Manufacturing cluster load

  • Cheap load
    community data show Kubernetes can support 5,000 Node, 15 Wan Pod cluster running well. This means verifying this statement should be at least 5,000 manufacturing Node, 15 Wan Pod load. However, to get the real machine of 5000 the right to use expensive, long-term occupation of so many machines for Kubernetes development and testing is unscientific. Therefore, the development of the community kubemarkand Virtual Kubeletother tools used to simulate the real Node, use a small amount of the machine can also produce a large enough load.
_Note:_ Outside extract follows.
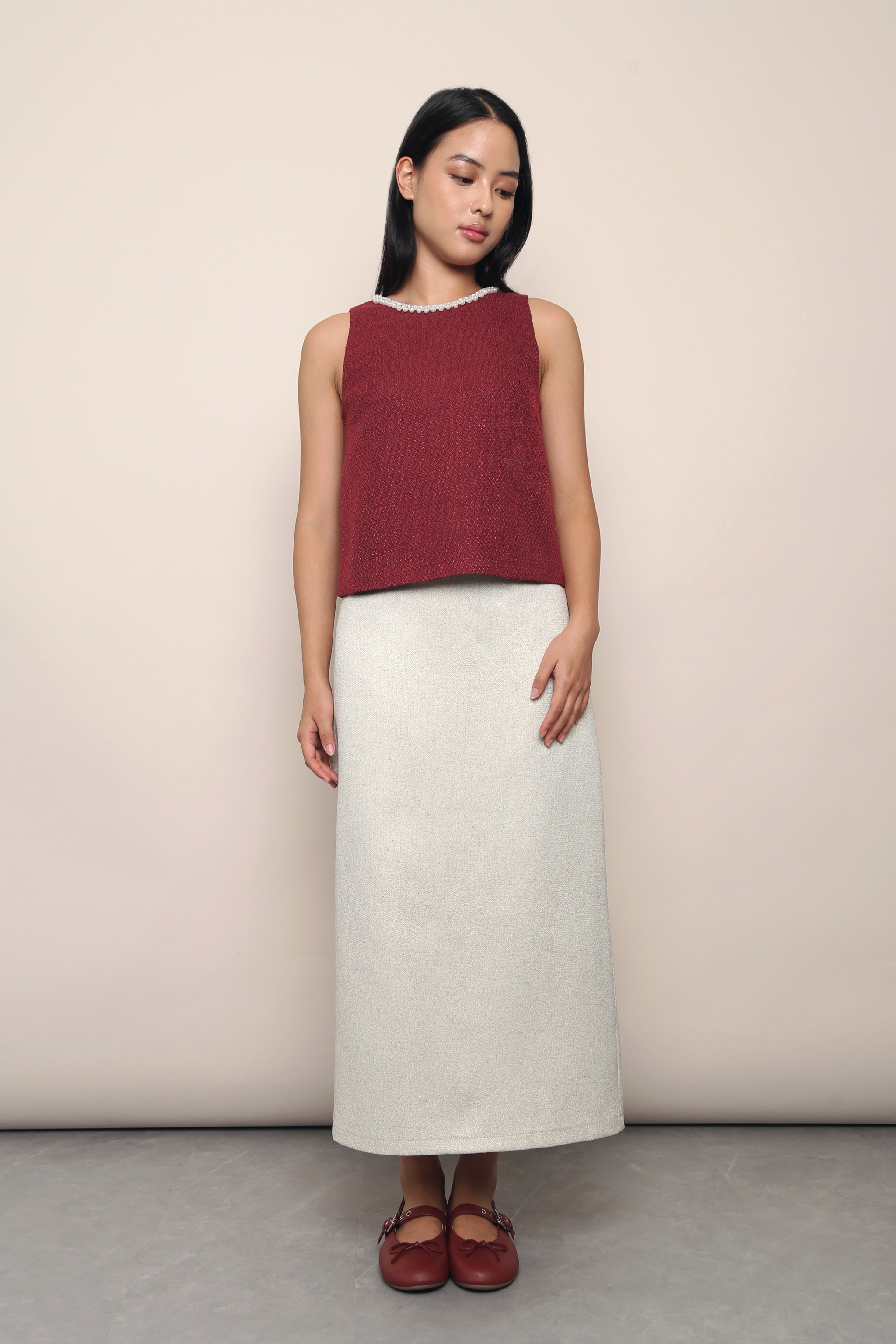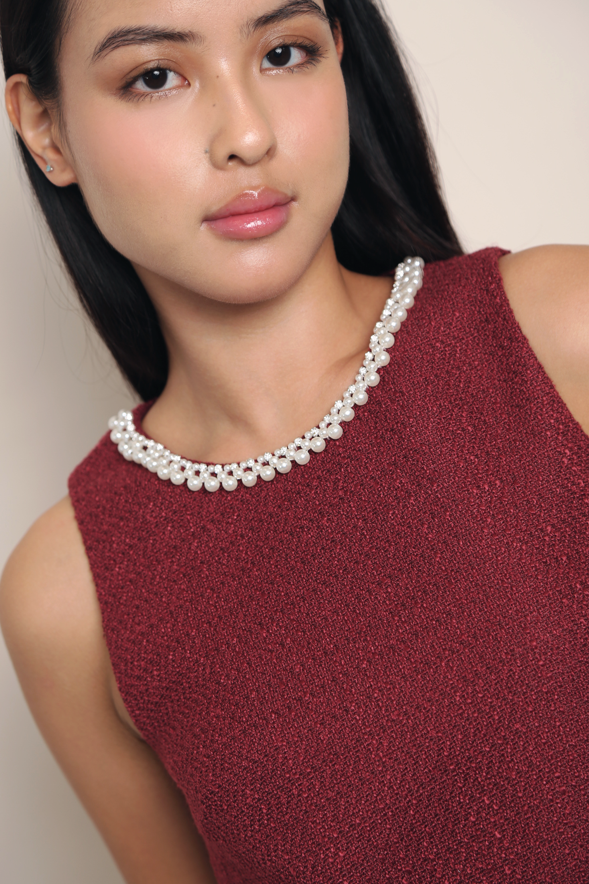 A chic statement piece designed to elevate any look. Crafted from lightweight tweed and fully lined for comfort, this vest top features a beautifully embellished pearl neckline that adds a touch of refined glamour. Perfect for pairing with tailored bottoms or skirts for a classy, sophisticated finish.
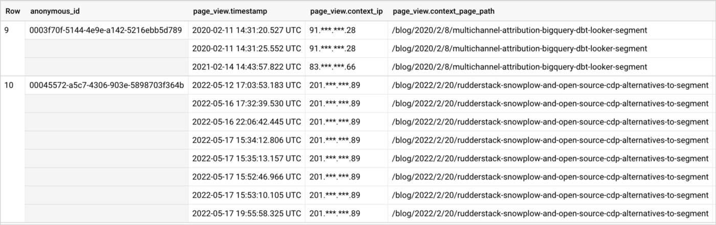 We can see this in our Segment event data stored in our Google BigQuery data warehouse by querying it and then grouping by anonymousId (note that the SQL expression around the context_ip column was added to obfuscate IP addresses in the example output here and later in this blog)

During the test of millet, 20 real machine can simulate 3,000 Node, load 100 000 Pod of.
  • A variety of load
    in the actual operating environment, the real load is varied, different load may have different effects on the performance of the system to simulate a variety of load conditions during testing is necessary. In order to facilitate a variety of simulated load, performance testing program may be configured to provide a load resistance should be as strong as possible. In the early Kubernetes code, the parameters of the performance test program written in dead code, to modify the source code to recompile after Kubernetes, copied to the test environment, test parameters can be changed only once. Testing process is very painful.
    Therefore, the community developed Perf-the Test / clusterloader2 , highly configurable, and is equipped with corresponding performance indicators observing the code, highly recommend.

Tool instructions

Kubernetes performance testing of pre-requirements:

  • Well-prepared to run a cluster of Kubernetes

This article describes the following performance testing tools kubemark and Perf-the Test / clusterloader2 .

kubemark

kubemark is a castrated version of kubelet, in addition to not call the CRI interfaces (ie, do not call Docker, directly back), and other acts kubelet basically the same.

Compile

  • Compiled binary
    download kubernetes source, executemake WHAT='cmd/kubemark'
  • Mirroring compiled
    compiled docker mirror script test / kubemark / start-kubemark.sh because to involve some code transformation, which I will not explain.

Steps for usage

  • Mark true Node
    1. Set Taint
    assume Node name mytestnode, execute the following command to set the Taint.
    kubectl taint nodes mytestnode role=real:NoSchedule
    Taint provided purpose is to avoid the stress test to schedule real Pod Node.
    2. Set the Label
    assume Node name mytestnode, execute the following command to set Label.
    kubectl label nodes mytestnode role=real
  • Configuration kubeconfig
apiVersion: v1
kind: Config
users:
- name: kubelet
  user: {}
clusters:
- name: kubemark
  cluster:
    server: http://10.114.25.172:8083 #替换成你自己的APIServer地址
contexts:
- context:
    cluster: kubemark
    user: kubelet
  name: kubemark-context
current-context: kubemark-context

If the above kubeconfig saved /home/mi/.kube/config, execute the following command to create a secret

kubectl create secret generic kubeconfig --from-file=kubelet.kubeconfig=/home/mi/.kube/config
  • Creating kubemark Pod
    execute the following script to run kubemark:
curl -L https://gist.githubusercontent.com/Betula-L/fef068ef7e914aa4a52113ac81fc6517/raw/77abf3f9b234274e33435597dec079ef46300324/kubemark.yaml | kubectl apply -f -

Precautions

  • kubemark try and master versions of the same version
  • The above description applies not turned authentication and authorization master

clusterloader2

Operational requirements

  • master node open ssh service
  • Test start time for all Node in the Ready state (including hollow node)

Compile

Download pert-tests project , run ${perf-tests}/clusterloader2/run-e2e.shor compile a script follows a binary file.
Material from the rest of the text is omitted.